We’re shopping in this household. But only of the window kind at this stage, and Toyota has itself to blame. We’re not about to step inside with any real intent yet. A resounding own goal for Toyota. Many, in fact. One for each time a potential buyer (such as us) asks this simple question: ‘Yes, but does it come with a diesel?’ and to which the answer is ‘no’. And for as long as that ‘no’ is the standard response, fists clenching ready cheques will punch at nothing but air.

And our frustrated salesman proves the point. Toyota hasn’t released details on a forthcoming diesel—or so he says. I bet they haven’t, nor let on that one is in the pipeline, they want to move FJ Cruiser units now, as does the hapless salesman who watches commission upon diesel-fuelled commission walk out of the door.

He doesn’t like me because I’m the brakes to this buying expedition. I can tell that he’s thinking that I’m a crank. Which I take as a compliment in the context of all things car. I insist that it must be the diesel or nothing. Backed into the corner he makes a last stand. ‘In the US,’ says he, ‘they like the petrol and it sells well.’ Perhaps, but his argument is unconvincing. That’s like saying that apples sell better than apples. Where are the comparative pears?

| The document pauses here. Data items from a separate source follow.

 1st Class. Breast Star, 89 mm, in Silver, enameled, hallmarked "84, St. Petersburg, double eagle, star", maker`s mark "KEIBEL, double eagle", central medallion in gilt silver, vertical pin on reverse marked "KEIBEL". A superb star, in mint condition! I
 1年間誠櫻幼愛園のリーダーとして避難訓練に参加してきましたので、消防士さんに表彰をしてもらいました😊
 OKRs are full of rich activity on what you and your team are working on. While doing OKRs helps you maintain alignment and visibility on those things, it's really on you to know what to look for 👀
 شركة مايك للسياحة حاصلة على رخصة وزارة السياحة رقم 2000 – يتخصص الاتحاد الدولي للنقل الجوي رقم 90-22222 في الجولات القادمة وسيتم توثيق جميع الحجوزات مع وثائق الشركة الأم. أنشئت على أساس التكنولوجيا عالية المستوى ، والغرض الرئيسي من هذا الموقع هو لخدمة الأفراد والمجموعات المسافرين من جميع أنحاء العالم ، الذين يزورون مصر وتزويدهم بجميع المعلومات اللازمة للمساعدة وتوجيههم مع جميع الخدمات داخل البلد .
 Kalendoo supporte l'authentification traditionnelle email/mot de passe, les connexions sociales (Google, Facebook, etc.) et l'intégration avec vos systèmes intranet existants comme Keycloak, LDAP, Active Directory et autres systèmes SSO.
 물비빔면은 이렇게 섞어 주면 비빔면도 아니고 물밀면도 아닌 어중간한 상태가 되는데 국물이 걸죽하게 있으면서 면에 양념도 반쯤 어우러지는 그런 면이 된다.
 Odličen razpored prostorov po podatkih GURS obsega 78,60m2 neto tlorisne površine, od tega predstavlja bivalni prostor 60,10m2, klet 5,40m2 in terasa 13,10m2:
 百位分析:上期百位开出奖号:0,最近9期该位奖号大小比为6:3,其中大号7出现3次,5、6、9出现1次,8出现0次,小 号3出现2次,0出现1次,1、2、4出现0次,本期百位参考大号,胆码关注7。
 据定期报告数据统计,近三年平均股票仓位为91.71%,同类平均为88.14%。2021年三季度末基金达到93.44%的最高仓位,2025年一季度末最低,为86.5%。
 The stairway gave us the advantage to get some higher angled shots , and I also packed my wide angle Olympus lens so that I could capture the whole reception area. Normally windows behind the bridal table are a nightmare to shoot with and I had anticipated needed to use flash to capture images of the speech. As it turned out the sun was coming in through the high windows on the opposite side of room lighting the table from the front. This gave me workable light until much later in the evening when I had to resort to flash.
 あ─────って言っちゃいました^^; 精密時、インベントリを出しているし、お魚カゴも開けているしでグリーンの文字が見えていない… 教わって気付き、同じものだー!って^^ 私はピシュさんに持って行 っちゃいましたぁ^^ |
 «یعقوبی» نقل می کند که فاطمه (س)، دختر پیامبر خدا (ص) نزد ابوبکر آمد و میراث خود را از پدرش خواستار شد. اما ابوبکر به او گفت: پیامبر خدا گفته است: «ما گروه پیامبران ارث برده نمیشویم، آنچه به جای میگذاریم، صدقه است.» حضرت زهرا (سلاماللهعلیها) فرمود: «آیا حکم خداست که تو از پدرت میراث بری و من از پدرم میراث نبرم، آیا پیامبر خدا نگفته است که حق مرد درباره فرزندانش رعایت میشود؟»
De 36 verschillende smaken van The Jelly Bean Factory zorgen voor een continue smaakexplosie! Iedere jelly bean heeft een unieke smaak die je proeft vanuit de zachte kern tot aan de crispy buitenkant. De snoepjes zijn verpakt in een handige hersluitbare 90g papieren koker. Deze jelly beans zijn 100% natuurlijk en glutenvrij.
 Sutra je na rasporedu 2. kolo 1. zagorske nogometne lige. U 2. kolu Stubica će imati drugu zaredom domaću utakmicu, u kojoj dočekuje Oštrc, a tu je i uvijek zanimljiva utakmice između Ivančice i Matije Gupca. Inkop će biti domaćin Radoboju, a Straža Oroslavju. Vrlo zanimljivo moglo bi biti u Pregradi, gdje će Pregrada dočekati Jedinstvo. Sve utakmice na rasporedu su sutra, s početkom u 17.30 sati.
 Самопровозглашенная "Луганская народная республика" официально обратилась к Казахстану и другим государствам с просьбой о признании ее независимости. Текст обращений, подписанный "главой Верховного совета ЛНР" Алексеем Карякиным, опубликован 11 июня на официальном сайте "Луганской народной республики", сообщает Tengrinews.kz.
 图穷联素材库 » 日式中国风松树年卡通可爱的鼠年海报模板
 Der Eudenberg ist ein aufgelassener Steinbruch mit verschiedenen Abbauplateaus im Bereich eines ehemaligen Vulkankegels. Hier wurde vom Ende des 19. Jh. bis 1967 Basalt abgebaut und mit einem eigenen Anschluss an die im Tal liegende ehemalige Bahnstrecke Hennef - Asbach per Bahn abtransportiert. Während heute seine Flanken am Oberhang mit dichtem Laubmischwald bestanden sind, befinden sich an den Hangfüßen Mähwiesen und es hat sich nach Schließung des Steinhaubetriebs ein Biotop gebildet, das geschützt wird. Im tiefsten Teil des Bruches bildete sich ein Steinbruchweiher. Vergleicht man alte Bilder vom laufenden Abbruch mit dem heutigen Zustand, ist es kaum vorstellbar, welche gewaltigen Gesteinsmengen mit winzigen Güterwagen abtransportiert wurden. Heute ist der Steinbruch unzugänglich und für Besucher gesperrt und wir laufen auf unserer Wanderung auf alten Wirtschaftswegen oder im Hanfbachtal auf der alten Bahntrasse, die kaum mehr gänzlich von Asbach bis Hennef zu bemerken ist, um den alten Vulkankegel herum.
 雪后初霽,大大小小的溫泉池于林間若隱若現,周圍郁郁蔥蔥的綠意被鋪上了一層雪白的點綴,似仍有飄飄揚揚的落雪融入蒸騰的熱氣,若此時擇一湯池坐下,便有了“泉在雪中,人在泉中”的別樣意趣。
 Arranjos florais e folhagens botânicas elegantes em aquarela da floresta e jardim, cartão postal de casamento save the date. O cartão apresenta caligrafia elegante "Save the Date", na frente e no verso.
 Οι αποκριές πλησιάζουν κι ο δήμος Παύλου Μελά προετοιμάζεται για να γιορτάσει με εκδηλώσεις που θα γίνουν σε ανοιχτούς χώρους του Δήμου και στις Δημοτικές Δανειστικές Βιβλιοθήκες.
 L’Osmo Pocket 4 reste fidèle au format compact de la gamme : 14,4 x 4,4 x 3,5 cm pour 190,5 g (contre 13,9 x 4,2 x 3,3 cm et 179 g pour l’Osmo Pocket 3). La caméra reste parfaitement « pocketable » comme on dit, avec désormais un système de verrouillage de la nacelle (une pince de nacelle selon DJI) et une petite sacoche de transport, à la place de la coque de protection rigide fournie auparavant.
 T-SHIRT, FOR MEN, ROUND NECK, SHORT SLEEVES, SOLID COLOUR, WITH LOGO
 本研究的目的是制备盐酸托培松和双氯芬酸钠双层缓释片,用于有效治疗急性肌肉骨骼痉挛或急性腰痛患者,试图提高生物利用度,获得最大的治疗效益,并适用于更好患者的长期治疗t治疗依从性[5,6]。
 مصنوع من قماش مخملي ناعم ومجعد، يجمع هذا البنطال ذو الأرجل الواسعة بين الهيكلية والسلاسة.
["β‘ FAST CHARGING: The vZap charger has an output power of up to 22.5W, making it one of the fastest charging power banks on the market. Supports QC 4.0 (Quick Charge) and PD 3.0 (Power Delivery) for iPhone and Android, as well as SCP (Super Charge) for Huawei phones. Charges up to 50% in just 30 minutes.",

We want the Cruiser. It’s the ‘compromise 4×4’ that we have settled on, and believe me, there were skirmishes. A 4×4 and not a soft-roader is what’s wanted. Still, it’s a rocky road yet as in this household as we march to very different drum beats. Hers makes the bigger noise. Down to her cardiologist cheque against ’my man about the house sat at his keyboard’ dribble.

Even though she-who-must-be-obeyed is ignorant on the subject of cars, she has definite opinions, always hard to unhinge. I really do want her in a ‘specialist doctor’s car/4×4’. It’s only right. At the hospital are gathered in the doctor’s bays the usual fare: BMWs, Mercedes, Audis. A Lexus. 4x4s? One decently new M class, one BMW X5 (no X3), and then predominantly most things Land Rover. Discovery 4, Range Rover, Range Rover Sport. A well-specced timeless Defender.

And a sole crappy 2003 Jeep Cherokee CRD. That’s hers. I want it gone, and yesterday already. And I’m sure it’s going to help my cause. It’s about to throw its toys finally and emphatically out of its cot, and force my wide’s recalcitrant hand. I can’t wait. Or couldn’t until I was side-swiped by the FJ’s lack of a diesel.

I should point out here that the price tag of the new car is irrelevant. Not said flippantly. We buy cars on a cash basis, for keeps—depreciation is irrelevant—until they are no longer good for their intended purpose. That is: set against a backdrop of running costs and frequency of repairs outside of scheduled services. Tests which the Jeep has been properly failing in the last few years. Its computer tells us within days of an agent service that it needs another one. Turbo pipes pop off or split (3 times), the ignition switch got stuck with the key inside in the on position (R10k agent prices), injectors failing one after the other (R6k each agent prices), oil leaks, 4×4 system forever unserviceable—not unless we spend wildly on new systems clutches.

And the brake servo, which almost cost us a proper rear-ender. Luckily it was my leg quivering with the effort on the brake pedal at the time. Which reminds me of my late father’s words of wisdom: ‘It’s one thing if a car doesn’t go, and quite another if it doesn’t stop.’ And what did the agent tell me? ‘They do that, Sir, it’s a vacuum pipe, not expensive to fix, you’ll be glad to hear.’ Glad? How far off the mark can you be?

There’s no Range Rover Evoque in those doctor’s bays , and I want to change that. Even better a new RR Sport. I want one of either. Well, I want my wife to want one of either. And that means I’ve had to beat her prejudice against Land Rover products into submission.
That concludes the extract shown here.